Data to examine:
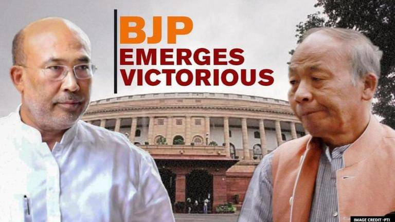 Two days after 9 ruling coalition MLAs withdrew support from the N Biren Singh-led government, BJP on Friday won a high-stakes battle for the Rajya Sabha seat in Manipur. Its candidate Leisamba Sanajaoba- the titular king of Manipur secured 28 votes as against 24 votes received by Congress' nominee T Mangibabu. As per sources, two Congress MLAs cross-voted.
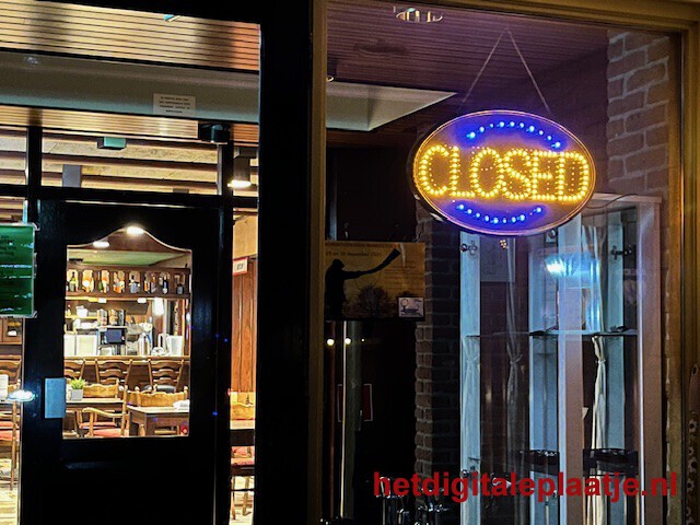 - Toelichting: Na sluitingstijd gaat de verlichting over van open naar closed. Binnen brandt het licht daar waar de gasten aten
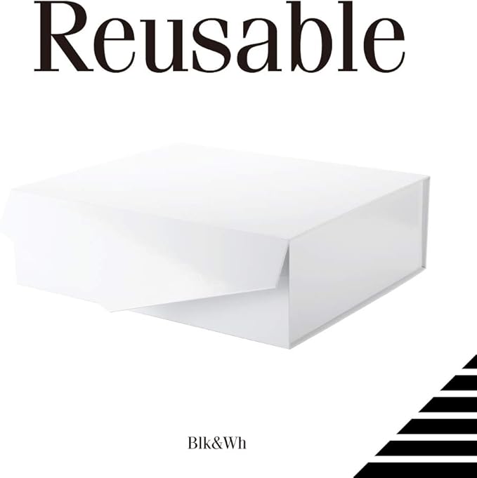 BLK&WH Extra Large Gift Box with Lid 16.3x14.2x5 Inches, White Gift Box Closure Lid for Clothes and Large Gifts (Glossy White)
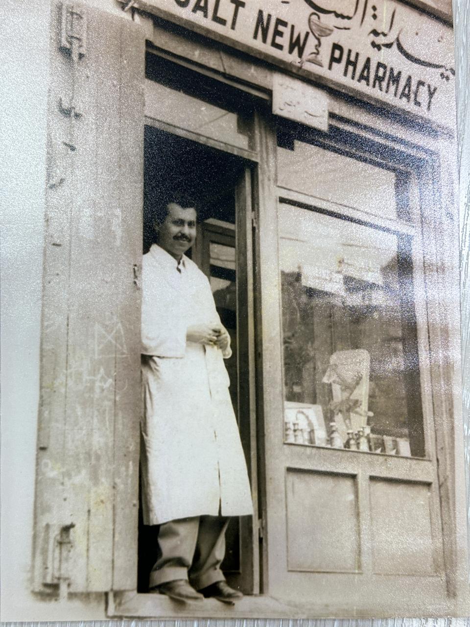 صورة عمرها أكثر من ٧٠ عاما.. الحمصي أمام صيدليته في مدينة السلط
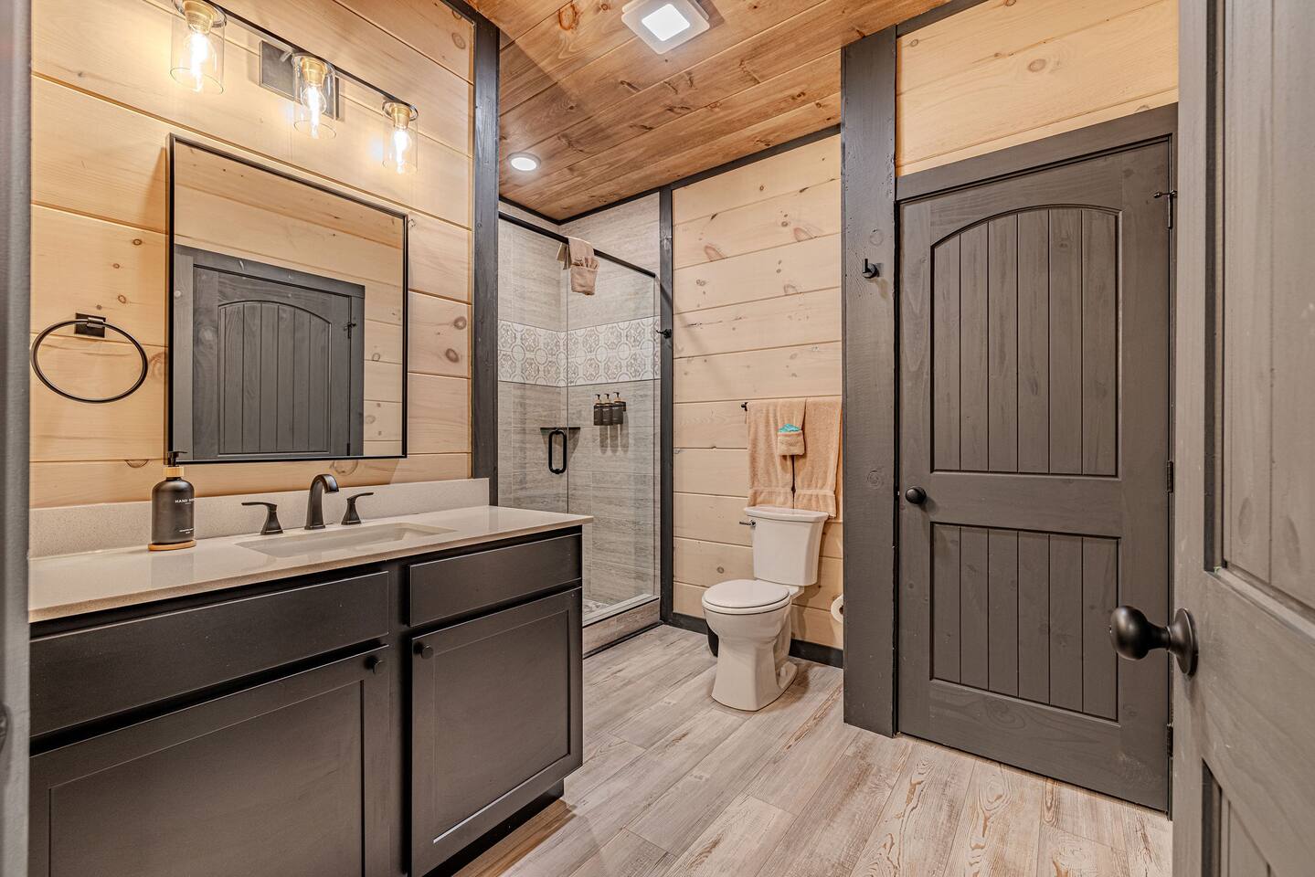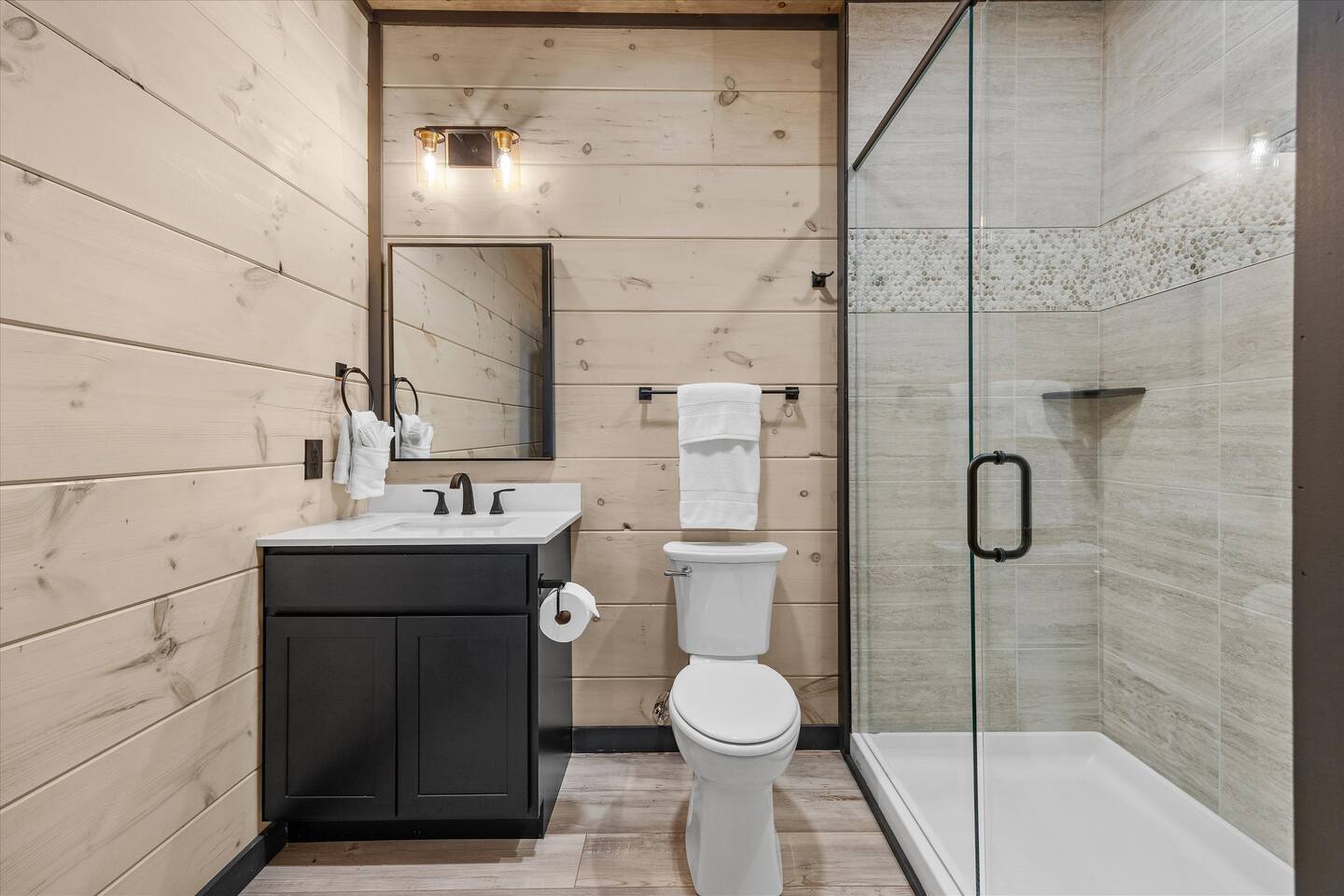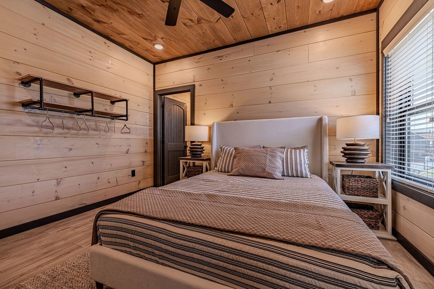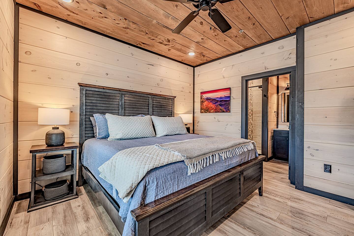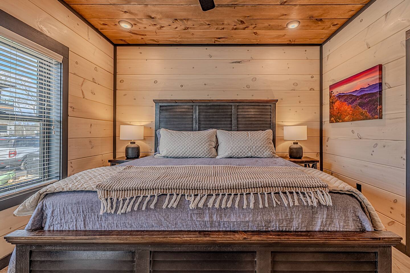 Cabin Details: Sleeps up to 21 guests Designed for Comfort & Privacy • 6 spacious bedrooms — 5 King bedrooms and 1 Queen • Plus Queen-over-king bunk in one of the king bedrooms • Third-floor living area with 2 oversized sets of built-in bunk beds (4 single beds total) • Private en-suite bathroom in every bedroom • Additional full bath with tub No waiting for showers. No one stuck with the “bad room.” Every guest gets their own comfortable retreat. Made for Gathering The large, fully stocked kitchen is perfect for feeding a crowd, featuring: • Expansive prep space • Two dining tables for large group meals • Open-concept layout ideal for entertaining From big holiday dinners to casual pancake breakfasts, there’s room for everyone. Entertainment on Every Level This cabin was built for fun: • Private Indoor Pool — swim year-round, rain or shine • Private Theater Room — movie nights just got better • Arcade games including Golden Tee plus game sticks on all four bunk bed tvs • Pool Table • Hot tub with mountain views • (2) Large sectional and firepit on one of three decks Whether it’s kids swimming for hours, teens battling it out in the arcade, or adults relaxing under the stars — everyone stays entertained. Waterpark Access Included Located inside the premier Smith Creek Resort community, guests enjoy access to the on-property waterpark — adding even more fun without ever leaving the neighborhood. It’s like having a mini resort vacation built into your stay. Three Levels of Mountain Views Step onto any of the three spacious decks to take in sweeping Smoky Mountain scenery. Morning coffee hits different when the mountains are glowing in front of you. Prime Location • Just 1 mile off the main Parkway in Pigeon Forge • 5 miles to Dollywood • 10 miles to Gatlinburg • 15 miles to Great Smoky Mountains National Park • Minutes from hiking, attractions, dining, activities (Zip lines), and shopping Close to everything — yet tucked away enough to feel peaceful and private. This is the kind of place where: • Kids never get bored • Parents actually relax • Grandparents feel comfortable • And everyone wants to rebook before checkout Accessories Included • EV Charger • Grill • Propane Firepit

What to produce: This exercise asks for an exact copy of the lines from the first one in the data through the line that contains "صورة عمرها أكثر", pictures excluded.

Result for this exercise:
 Two days after 9 ruling coalition MLAs withdrew support from the N Biren Singh-led government, BJP on Friday won a high-stakes battle for the Rajya Sabha seat in Manipur. Its candidate Leisamba Sanajaoba- the titular king of Manipur secured 28 votes as against 24 votes received by Congress' nominee T Mangibabu. As per sources, two Congress MLAs cross-voted.
 - Toelichting: Na sluitingstijd gaat de verlichting over van open naar closed. Binnen brandt het licht daar waar de gasten aten
 BLK&WH Extra Large Gift Box with Lid 16.3x14.2x5 Inches, White Gift Box Closure Lid for Clothes and Large Gifts (Glossy White)
 صورة عمرها أكثر من ٧٠ عاما.. الحمصي أمام صيدليته في مدينة السلط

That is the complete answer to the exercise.